> [About this exercise] Transcribe the data that follows in full. Leave out the pictures.

> [Data shown]
════════

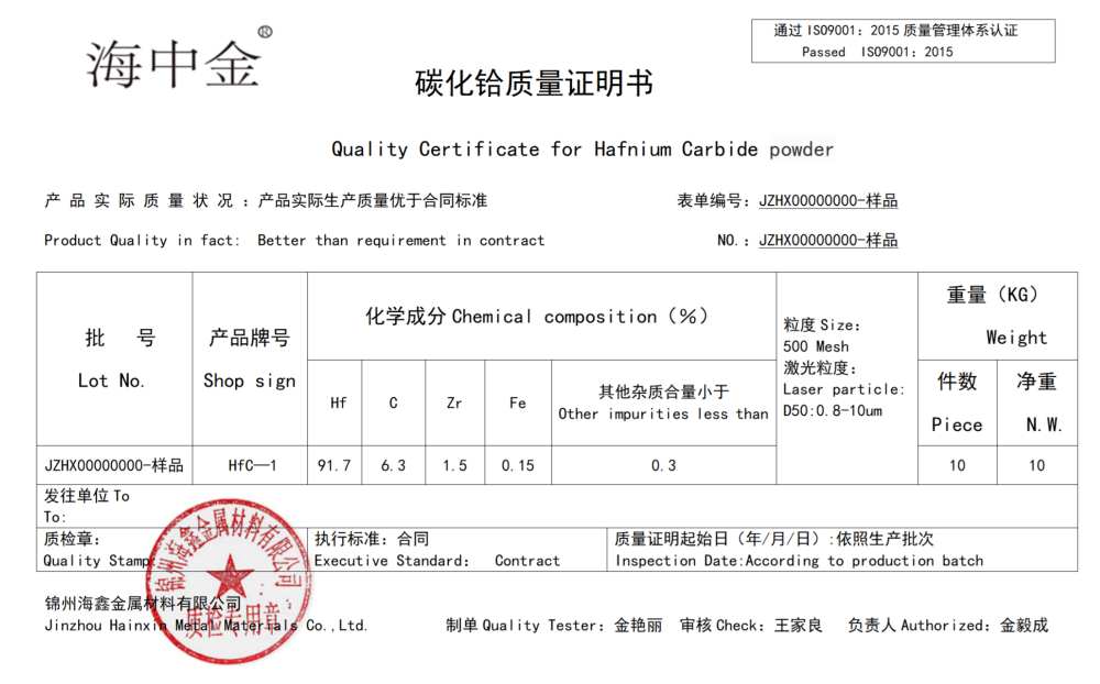 產(chǎn)品名稱(chēng):碳化鉿(HfC)
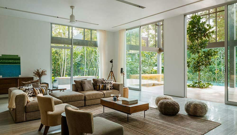 Internally, the houses feature open plans that give the occupants tremendous flexibility in space planning. The openness also facilitates cross-ventilation once the windows and doors are open – a feature key to tropical living. There’s a fine balance of opacity and transparency, of solid walls and fenestrations. Walls screen the occupants from noise and neighbours, while windows and skylights offer carefully controlled views and natural illumination.
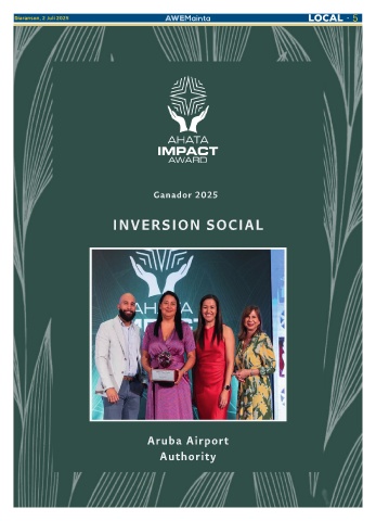 Diaranson, 2 Juli 2025 AWEMainta LOCAL 5 Ganador 2025 INVERSION SOCIAL Aruba Airport Authority
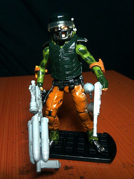 Never had the original figure or followed the DIC cartoon, but he was one of the more memorable ones from the few episodes I did manage to catch. Anyway, since he had tons of gear I figured it would be more practical to just buy the entire original figure off ebay. Anyway once I got a reasonably priced Grid-Iron in my hands it was game on :) His vest is yet another Sgt. Stone vest (quite a handy vest) modified this time with the collar off the Desert Duke vest and the shoulder pads (an embellishment on my part) from the Pit Commando flak vest (which i initially cut up for my Airtight custom). With the proper vest in place, the rest of the custom was easy.

════════

> [Answer space]
 產(chǎn)品名稱(chēng):碳化鉿(HfC)
 Internally, the houses feature open plans that give the occupants tremendous flexibility in space planning. The openness also facilitates cross-ventilation once the windows and doors are open – a feature key to tropical living. There’s a fine balance of opacity and transparency, of solid walls and fenestrations. Walls screen the occupants from noise and neighbours, while windows and skylights offer carefully controlled views and natural illumination.
 Diaranson, 2 Juli 2025 AWEMainta LOCAL 5 Ganador 2025 INVERSION SOCIAL Aruba Airport Authority
 Never had the original figure or followed the DIC cartoon, but he was one of the more memorable ones from the few episodes I did manage to catch. Anyway, since he had tons of gear I figured it would be more practical to just buy the entire original figure off ebay. Anyway once I got a reasonably priced Grid-Iron in my hands it was game on :) His vest is yet another Sgt. Stone vest (quite a handy vest) modified this time with the collar off the Desert Duke vest and the shoulder pads (an embellishment on my part) from the Pit Commando flak vest (which i initially cut up for my Airtight custom). With the proper vest in place, the rest of the custom was easy.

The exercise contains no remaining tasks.